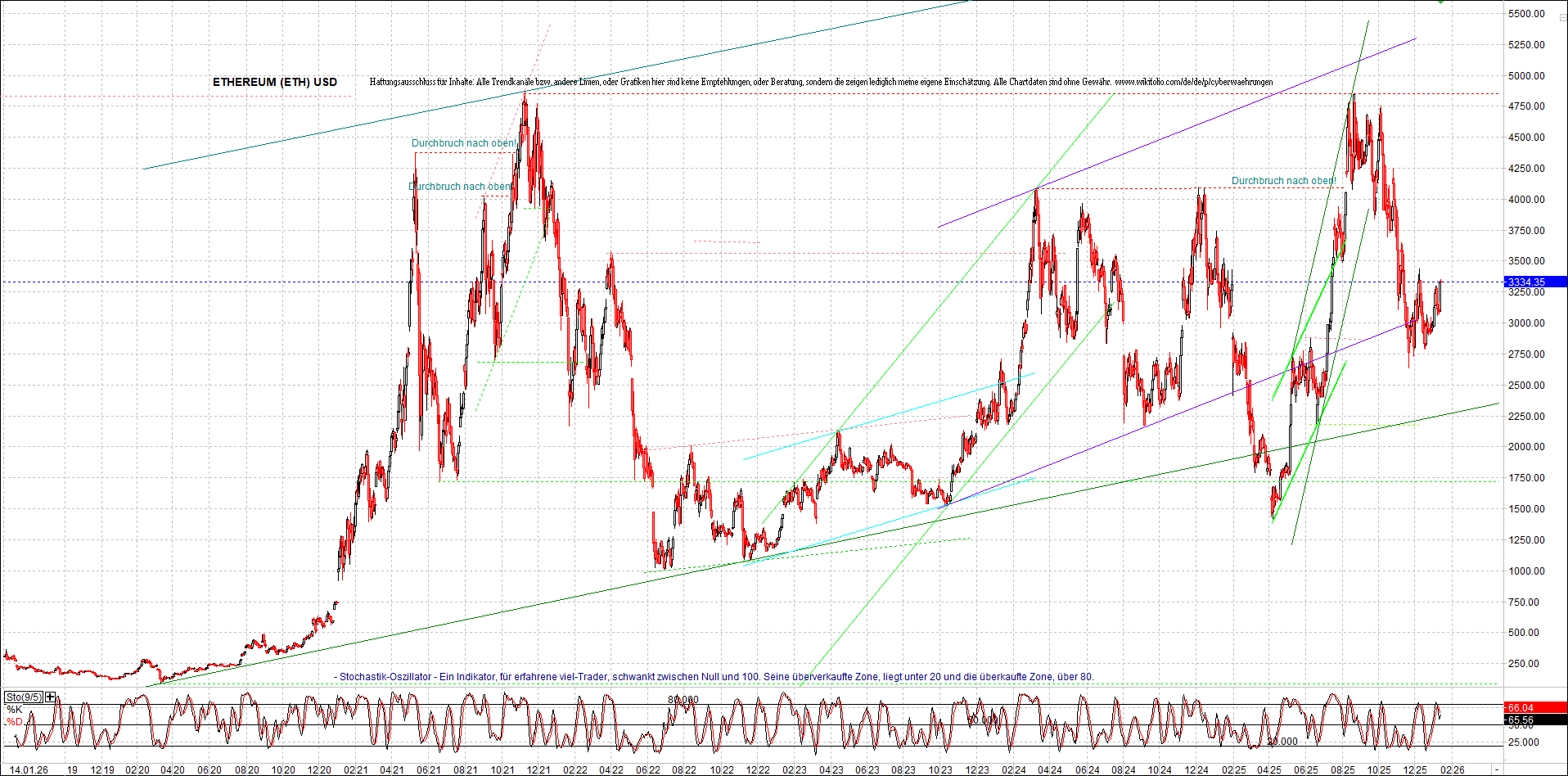 ETHEREUM (ETH) – 5 Jahre Chart, von heute Morgen, mit Charttechnik.
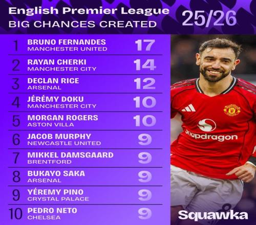 英超創(chuàng)造重大機(jī)會(huì)榜:B費(fèi)17次領(lǐng)跑,謝爾基14次、賴斯12次
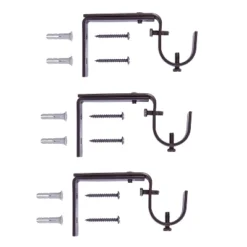 - Includes: one telescoping curtain rod with finials, two brackets, one center support, screws, drywall anchors, and installation instructions
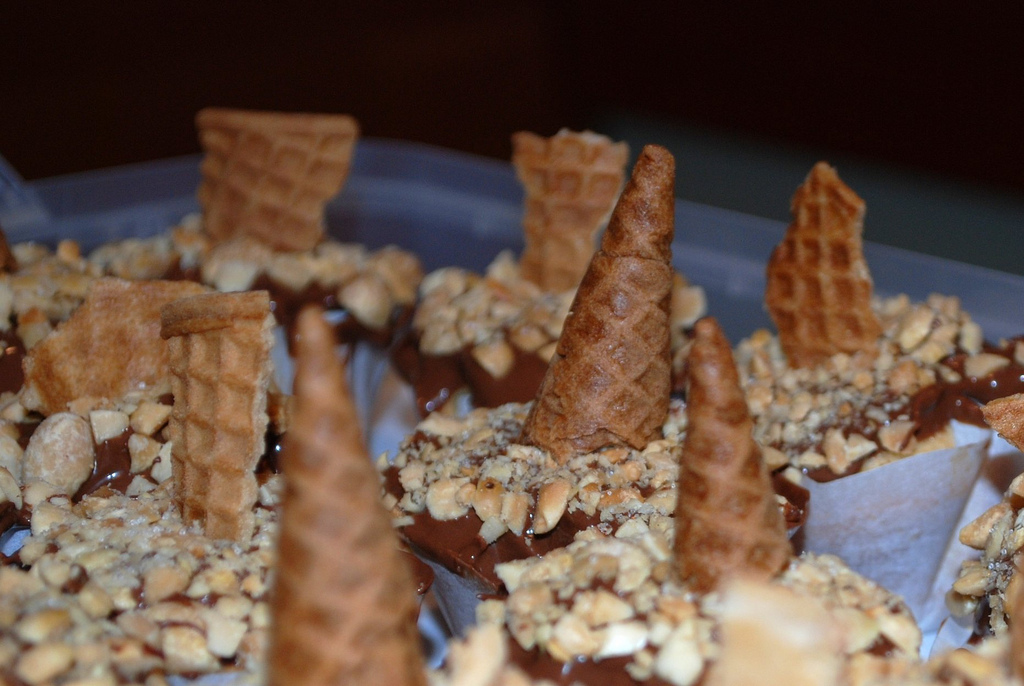 I broke some of the other sugar cones for a garnish.  I think they were a success, even though the cake was a bit dry.
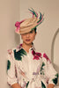 The Atrani Disc hat is a natural sinamay disc with colour-dipped bleached pheasant feathers and ombré pinokpok bow.
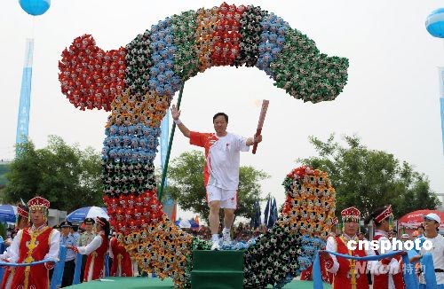 7月10日,奧運火炬在內蒙古赤峰市進行傳遞;鹁媸钟诮ㄔO穿過用福娃組成的“玉龍”。在赤峰翁牛特旗出土的紅山文化標志性文物——玉龍,被史學界定為“中華第一龍”。中新社發(fā) 廖攀 攝
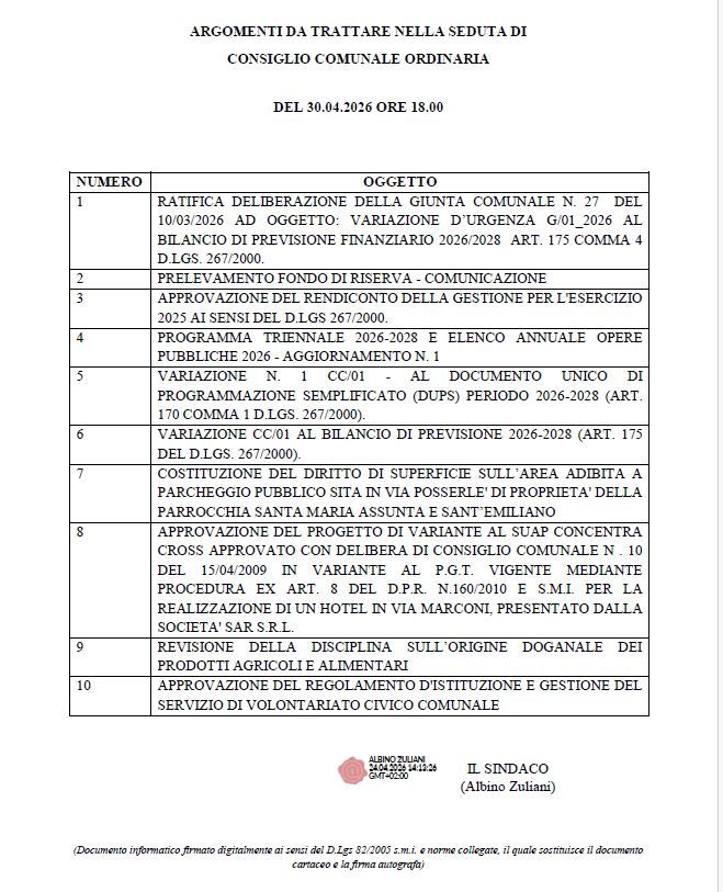 E' convocato il Consiglio Comunale in seduta ordinaria il giorno giovedì, 30 aprile 2026 alle ore 18.00

■ **Problem requirements**:
From the line with "The Atrani Disc" through the last line of the entries above, transcribe everything exactly, both ends included, but not the pictures.

■ **Result for this exercise**:
 The Atrani Disc hat is a natural sinamay disc with colour-dipped bleached pheasant feathers and ombré pinokpok bow.
 7月10日,奧運火炬在內蒙古赤峰市進行傳遞;鹁媸钟诮ㄔO穿過用福娃組成的“玉龍”。在赤峰翁牛特旗出土的紅山文化標志性文物——玉龍,被史學界定為“中華第一龍”。中新社發(fā) 廖攀 攝
 E' convocato il Consiglio Comunale in seduta ordinaria il giorno giovedì, 30 aprile 2026 alle ore 18.00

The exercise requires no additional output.